Living With Diabetes: Pita Sharples Speaks Out
Living With Diabetes: Maori Party MP for Tamaki Makaurau Speaks Out
Dr Pita Sharples, Co-leader of the Maori Party
Friday 17 November 2006
Dr Pita Sharples today spoke about the importance of healthy living to manage the challenge of living with diabetes.
“Our whanau is a Diabetes-Aware Whanau” said Dr Sharples. “In fact, our mokopuna can be our most enthusiastic supporters in understanding and managing diabetes within the family”.
“Diabetes affects far too many of our whanau to be complacent” said Dr Sharples.
In 2005, an estimated 125,000 New Zealanders were diagnosed with diabetes, 22% of them Maori. The estimated prevalence of diabetes in Maori is about 20% - about four times higher than for Pakeha. Maori also tend to develop diabetes far earlier than non-Maori, onset of the disease commonly occurring at age 45; ten years earlier than non-Maori.
“This is a crisis by anyone’s estimates” said Dr Sharples. “If we saw the sort of ratios we’re seeing for Maori with diabetes in any other group of New Zealanders, my belief is that all stops would be pulled, to do something about it”.
“It’s absolutely gross that the chequebook seems over-flowing for a stadium, while a group of New Zealanders is suffering at pandemic scale from diabetes”.
“Our whanau has had direct involvement with the complications of diabetes – within our wider whanau we have known the pain of strokes, blindness, kidney dialysis, limb amputations, feet problems, infections that won’t go away, and all the other impacts of this disease. It’s a life-long challenge – and we all try to play our part in preventing the onset of further problems” said Dr Sharples.

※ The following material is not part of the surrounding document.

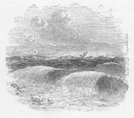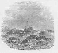 A sledge party left to find the Discovery, but returned exhausted, and Petersen was nearly lost. He afterwards died, poor fellow, and was buried by his comrades on Cairn Hill, on the 14th of May. We have not space to follow all the sledging expeditions. We must condense the information and the interest. For two months and a half this, the most monotonous of all travelling, was continued. The labour was most severe and incessant, the distance made only a mile or two a day. Scurvy began its ravages, and the northern expedition had been nearly overcome, when Lieutenant Parr returned to the ship for assistance. Summer had arrived by this time. Immediate help was dispatched, but it was no easy task to find the men. Four of the party were alive, one had died. The sick man had been dragged on the sledge thirty-nine days, and they had buried him after all in a solitary spot in the far north—“a paddle and a batten” made a rude cross, and the sketch shows it most effectively in Doctor Moss’s book. Five only of the seventeen of the party came back in working condition, and they were nearly exhausted.

“When whanau are working so hard to ‘be healthy’ it’s devastating to read headlines saying ‘Maori are facing extinction from diabetes’ or to learn that the Government spends less on health, and we have fewer doctors and hospital beds than many comparable nations” said Dr Sharples.
“Against all odds, the Maori Party was delighted to read the comments from Murray Dear, President of Diabetes New Zealand, who has just returned from the “Diabetes in Indigenous People’s Forum” in Melbourne this week.
“It is a real boost to hear the President say “In the end it is the indigenous communities themselves that will capture their own future”” said Dr Sharples.
“I hope the Government was listening. The Diabetes President highlighted the scarcity of investment that is being allocated to our communities, concluding ““There must also be a strong and adequately funded public health response from Government that lightens the load for these communities as they battle this growing epidemic”.
“I was really rapt to hear such insights from Murray Dear, and the Maori Party will be doing all that we can, to ensure that his expert advice is taken up, to ensure diabetes is well-managed within indigenous communities, for the long-term vision of a healthy nation” ended Dr Sharples.
“The great thing is – all of us have the capacity to live a healthy life – to go to the pool, walk around the block, make a healthy kai instead of McDs or fish' chips” said Dr Sharples.
“I’m hoping that the crowds will be out in force in Auckland on Sunday to go to the Diabetes Auckland “Walking with the Stars’ Event at Takapuna Beach” said Dr Sharples.
“It’s events like that – encouraging us all to push-play and exercise – that can make the difference with diabetes”.
“Early intervention is the key to stopping this epidemic in its tracks” said Dr Sharples.
The Commonwealth Fund survey released today, of nine developed nations, shows New Zealand is near the bottom of the league table for several key indicators of health.
The report showed total public funding of health in New Zealand was the lowest of all those compared at $1600 per person, and below the OECD median of $1900.
New Zealand also scored very poorly in the rates for diabetes - totalling 72 years of lost life per 100,000 people – nearly double Australia's rate of 39 which matched the OECD median.